Introduction: The Scaling Challenge for Large Clusters
As Kubernetes clusters expand to accommodate tens of thousands of nodes, controllers that monitor high-cardinality resources—like Pods—often encounter a critical performance bottleneck. In a traditional setup, each replica of a horizontally scaled controller receives the entire event stream from the API server. This means every replica must deserialize, process, and then discard objects it doesn't manage, leading to wasted CPU, memory, and network resources. Scaling out the controller doesn't reduce per-replica overhead; it actually increases the total load because each new replica duplicates the same full stream.
Introducing Server-Side Sharded List and Watch
Kubernetes v1.36 introduces an alpha feature (KEP-5866) called server-side sharded list and watch. With this feature enabled, the API server filters events at the source, ensuring each controller replica receives only the slice of the resource collection it is responsible for. This fundamentally changes how controllers handle large-scale workloads, moving the filtering logic from the client side into the API server itself.
Why Client-Side Sharding Falls Short
Some controllers, such as kube-state-metrics, already support horizontal sharding. In this model, each replica is assigned a portion of the keyspace and discards objects that don't belong to it. While this approach works functionally, it doesn't reduce the volume of data flowing from the API server. The core issues include:
- N replicas × full event stream: Every replica deserializes and processes every event, then throws away what it doesn't need.
- Network bandwidth scales with replicas, not shard size: Each replica still receives the entire stream, so network usage grows linearly with the number of replicas.
- Wasted CPU deserialization: The CPU cycles spent on deserialization are entirely wasted for the discarded fraction of events.
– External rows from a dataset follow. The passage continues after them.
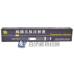 【藥理毒理】本品為免疫雙向調節藥。具有誘導和促進T淋巴細胞及其亞群分化、成熟和活化的功能,調節T淋巴細胞的比例,使CD4+/CD8+趨于正常;調節和增強人體細胞免疫功能的作用,能促進有絲分裂原激活后的外周血中的T淋巴細胞成熟,增加T細胞在各種抗原或致有絲分裂原激活后各種淋巴因子(如:α、γ干擾素、白介素2和白介素3)的分泌,增加T細胞上淋巴因子受體的水平。它同時通過對T輔助細胞的激活作用來增強淋巴細胞反應。此外,本品可能影響NK前體細胞的趨化,該前體細胞在暴露于干擾素后變得更有細胞毒性。因此具有調節和增強人體細胞免疫功能的作用。本品可增強巨噬細胞吞噬功能及增強紅細胞免疫功能,提高自然殺傷細胞活性和白介素-2的產生水平與受體表達水平,增強外周血單核細胞γ-干擾素的產生,增強血清中超氧化物歧化酶活性。急性毒性試驗:大鼠肌肉注射劑量達44.4mg/kg,小鼠腹腔及靜脈給藥劑量達300mg/kg;分別為成人用量的2664倍和18000倍,未見動物死亡和毒性反應。長期毒性試驗:在為期12個月的長毒試驗中,分別對大鼠、狗給予胸腺五肽,最高劑量達80mg/kg/天、未發現有意義的癥狀體征變化。無論是動物的行為、生長發育、血液學、血液生化學及組織學方面,均未見明顯變化。
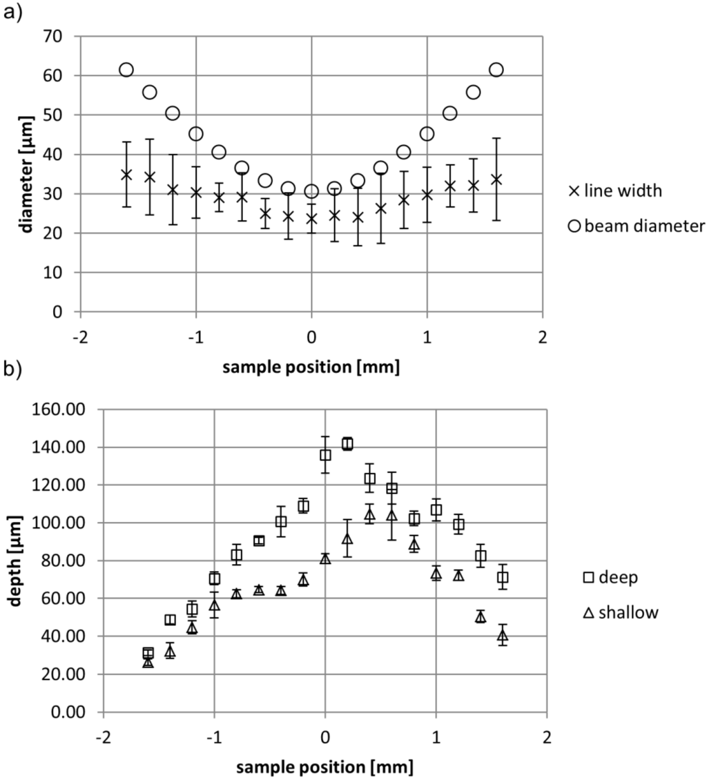 - Lehr, J.; Kietzig, A.-M. Production of homogenous micro-structures by femtosecond laser micro-machining. Opt. Lasers Eng. 2014, 57, 121–129. [Google Scholar] [CrossRef]
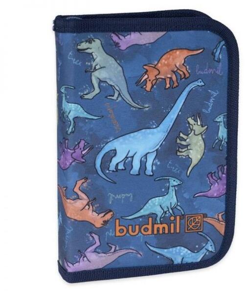 Budmil márkájú kihajthatós tolltartó alsósoknak. A tolltartó egy kihajtható klapnival rendelkezik, melyen órarendtartó is található. Összesen 28 gumipánt található benne írószereknek, valamint 1-1 gumipánt hegyezőnek és radírnak. Anyaga: vízlepergető poliészter. Fiús tolltartó mérete: 20x13,5 cm. Színe: kék, színes dinós mintával. Hátoldalán Budmil márka címké
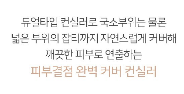 듀얼타입 컨실러로 국소부위는 물론 넓은 부위의 잡티까지 자연스레 커버해서 깨끗한 피부로 연출해주는 피부결점 완벽 커버 컨실러예요!
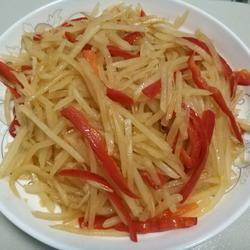 7. Stir-fry the shredded potatoes until shredded and add shredded red pepper.
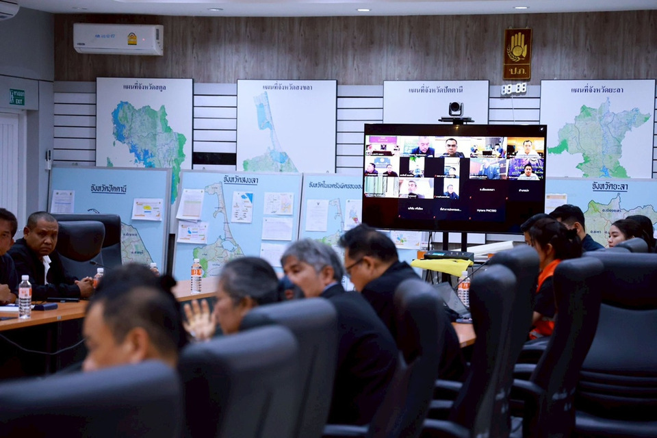 วันที่ 27 พ.ย.68 เวลา 19.00 น. ณ กองอำนวยการป้องกันและบรรเทาสาธารณภัยกลาง (ส่วนหน้า) ศูนย์ป้องกันและบรรเทาสาธารณภัย เขต 12 สงขลา นายอรรษิษฐ์ สัมพันธรัตน์ ปลัดกระทรวงมหาดไทย ติดตามการปฏิบัติงานช่วยเหลือผู้ประสบอุทกภัยในพื้นที่อำเภอหาดใหญ่ จังหวัดสงขลา และวางแผนการฟื้นฟูพื้นที่ที่สถานการณ์เริ่มคลี่คลาย โดยนำข้อเน้นย้ำของนายอนุทิน ชาญวีรกูล นายกรัฐมนตรีและรัฐมนตรีว่าการกระทรวงมหาดไทย ที่สั่งการให้ผู้ว่าราชการจังหวัด และนายอำเภอในพื้นที่ประสบอุทกภัยจังหวัดสงขลา เร่งช่วยเหลือด้านการดำรงชีพในพื้นที่ที่ยังคงมีน้ำท่วมและพื้นที่สถานการณ์คลี่คลาย โดยมีนายธีรพัฒน์ คัชมาตย์ อธิบดีกรมป้องกันและบรรเทาสาธารณภัย นายธีรุตม์ ศุภวิบูลย์ผล อธิบดีกรมส่งเสริมการปกครองท้องถิ่น ร่วมประชุม พร้อมทั้งนายอำเภอในพื้นที่จังหวัดสงขลาและผู้แทนส่วนราชการที่เกี่ยวข้องร่วมประชุมผ่านระบบอิเล็กทรอนิกส์

Server-side sharding solves these problems by moving the filtering upstream into the API server. Each replica tells the API server which hash range it owns, and the API server only sends matching events.
How Server-Side Sharded List and Watch Works
Specifying a Shard with shardSelector
The feature adds a shardSelector field to ListOptions. Clients specify a hash range using the shardRange() function. For example:
shardRange(object.metadata.uid, '0x0000000000000000', '0x8000000000000000')
The API server computes a deterministic 64-bit FNV-1a hash of the specified field and returns only objects whose hash falls within the range [start, end). This applies to both list responses and watch event streams.
Deterministic Hashing Across API Servers
The hash function produces the same result across all API server instances, making the feature safe to use in multi-replica API server deployments. Currently supported field paths are object.metadata.uid and object.metadata.namespace.
Using Sharded Watches in Controllers
Controllers typically use informers to list and watch resources. To shard the workload, each replica injects the shardSelector into the ListOptions used by its informers via WithTweakListOptions. Below is a Go code example demonstrating how to set this up:
import (
metav1 "k8s.io/apimachinery/pkg/apis/meta/v1"
"k8s.io/client-go/informers"
)
shardSelector := "shardRange(object.metadata.uid, '0x0000000000000000', '0x8000000000000000')"
factory := informers.NewSharedInformerFactoryWithOptions(client, resyncPeriod,
informers.WithTweakListOptions(func(opts *metav1.ListOptions) {
opts.ShardSelector = shardSelector
}),
)
For a 2-replica deployment, the selectors split the hash space in half. For example, Replica 0 might use the lower half of the hash space:
"shardRange(object.metadata.uid, '0x0000000000000000', '0x8000000000000000')"
Replica 1 would then cover the upper half to ensure complete coverage.
Benefits and Considerations
Server-side sharded list and watch offers several advantages:
- Reduced data volume: Each replica receives only the events it needs, cutting network and memory usage dramatically in large clusters.
- Linear scalability: Adding more replicas doesn't multiply the load on the API server; each replica pulls only its shard.
- Lower CPU overhead: No wasted deserialization of irrelevant objects, freeing CPU for actual processing.
However, as an alpha feature, it is subject to change and should be tested thoroughly before production use. Also, note that sharding is most effective for controllers that can evenly distribute objects across hash ranges, such as those monitoring Pods or other high-cardinality resources.
Conclusion
Server-side sharded list and watch represents a significant step forward in scaling Kubernetes controllers. By moving event filtering into the API server, it eliminates the inefficiencies of client-side sharding and enables truly horizontal scalability without wasted resources. As the feature matures, it will likely become a standard tool for operators managing large clusters. For more details, refer to the KEP-5866.